Claude Code Profile: openrouterai-deep¶
CC Profiles extend Expert Templates for Claude Code CLI use. They add a dedicated Tooling LLM for function-calling alongside the MoE pipeline.
{
"tool_model": "moonshotai/kimi-k2.6:free",
"tool_endpoint": "openrouterai",
"moe_mode": "moe_orchestrated",
"expert_template_id": "<id-of-moe-openrouter-free>",
"tool_max_tokens": 8192,
"reasoning_max_tokens": 32768,
"tool_choice": "required",
"stream_think": false,
"system_prompt_prefix": "You are a principal-level software engineer. Deliver production-grade solutions with security analysis, test coverage strategy, and architectural rationale."
}
| Field | Description |
|---|---|
tool_model |
The LLM that handles Claude Code's function calls (read_file, bash, write_file). Must support OpenAI function-calling format reliably. kimi-k2.6 is chosen for its 131K context and strong agentic capabilities. |
moe_mode |
moe_orchestrated = tool calls go directly to tool_model; content generation uses the MoE expert pipeline. native = bypass MoE entirely (Claude Code controls its own model). |
expert_template_id |
Links to the Expert Template that handles content requests. The Tooling LLM handles structure; the MoE pipeline handles knowledge. |
tool_max_tokens |
Max tokens for a single tool response. 8192 is sufficient for most file reads and bash outputs. |
tool_choice |
required forces Claude Code to always call a tool rather than generating freeform text, which prevents hallucinated file paths. |
Key Design Principles¶
1. Context Window Accuracy¶
The context_window field must match the actual model context window:
qwen3.6:35b → 262,144 (256K — MoE architecture, not 32K!)
devstral-small-2 → 393,216 (384K)
deepseek-r1:32b → 131,072 (128K)
solar-pro:22b → 4,096 (4K — CRITICAL: must not exceed this!)
mistral-nemo:12b → 1,024,000 (1M)
The pipeline uses context_window to truncate task input. An incorrect value
either wastes context (too low) or causes silent mid-sentence truncation by
the model itself (too high).
2. Thinking Mode Granularity¶
thinking_mode: false prepends /no_think to the user message, suppressing
qwen3's Extended Thinking.
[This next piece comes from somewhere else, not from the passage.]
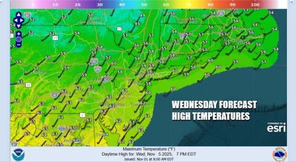 The roller coaster continues Friday as another front approaches so it should be a day of sunshine for the most part and a southwest wind. Highs will reach back into the 60s. Then another cold front will pass Friday night into Saturday morning with some showers. The amount of rain from the cold fronts is minimal. We should see weather improve Saturday but we are setting up for a shot of very cold air for this time of year which will begin to arrive Sunday night and be firmly planted in the Eastern US for the first half of next week.

This reduces generation by 10–20× tokens for
categories that do not need deep reasoning:
Off → general, data_analysis, devops_sre, translation, creative_writing
On → reasoning, science, security_analysis, legal_advisor, medical_consult
Never disable thinking for security or reasoning experts — correctness suffers.
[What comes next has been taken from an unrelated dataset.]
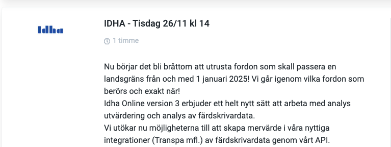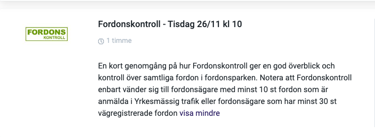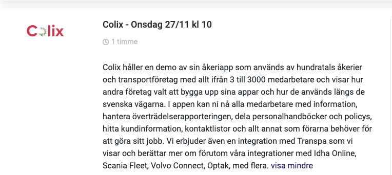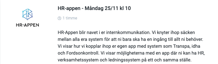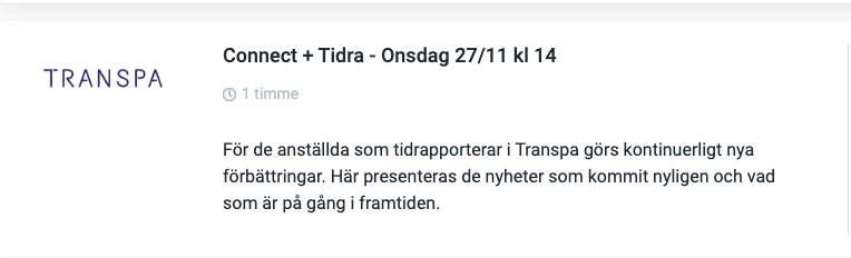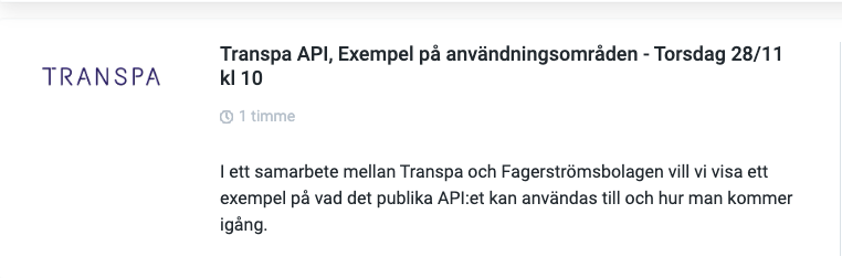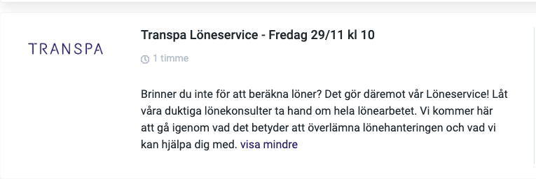 I tillägg kommer vi ifrån TRANSPA berätta om vår nya tidrapportering Tidra och Connect, vi visar upp användningsområden för vårt API tillsammans med Fagerströmsbolagen och veckan avslutas med att vår egen Löneservice berättar om fördelarna med att överlåte er lönehantering till oss.

3. Two-Tier Expert Escalation¶
role: "primary" / role: "fallback" implements T1/T2 escalation. The
primary runs first; if its confidence score is low, the fallback runs and
the judge merges both answers:
"math": {
"models": [
{"model": "mathstral:7b", "role": "primary"}, // T1: fast, specialised
{"model": "deepseek-r1:32b", "role": "fallback"} // T2: larger, more thorough
]
}
Use T1 for speed, T2 for quality. The cost of T2 is only paid when needed.
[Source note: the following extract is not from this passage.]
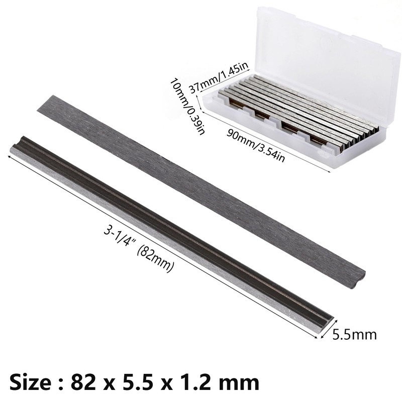 【Size】10Pcs cross cut planer blades with the size of 82*5.5*1.1mm/3.22*0.21*0.04in, compatible with most of the 3-1/4 inch handheld or power planers on the market. A total of 10 blades are convenient for your daily use and replacement.
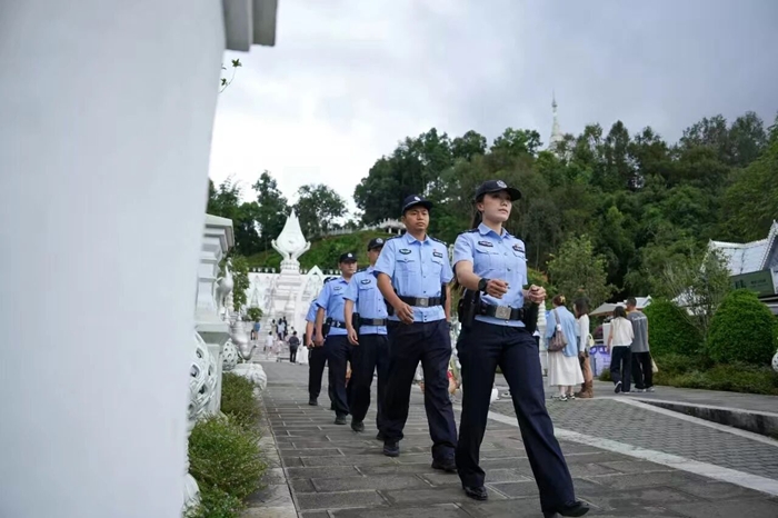 “每次看到警察巡逻,心里特别踏实。”居住在芒市勐焕银塔景区附近的张大爷说。在芒市核心景区,由芒市公安机关1个PTU快反单元、8支徒步巡逻组、9支骑警队构成的防控力量,实行24小时不间断巡防,成为流动的“安全灯塔”。

4. The Long-Context Expert¶
For tasks exceeding 32K tokens (full codebases, long documents, 1000-turn
conversation histories), route to long_context:
"long_context": {
"context_window": 1048576, // 1M tokens
"models": [
{"model": "mistral-nemo:12b"}, // 1,024,000 tokens
{"model": "llama3-gradient:8b"} // 1,048,576 tokens
]
}
These models process the entire input without chunking or summarisation — important for code review of large repositories where global dependencies matter.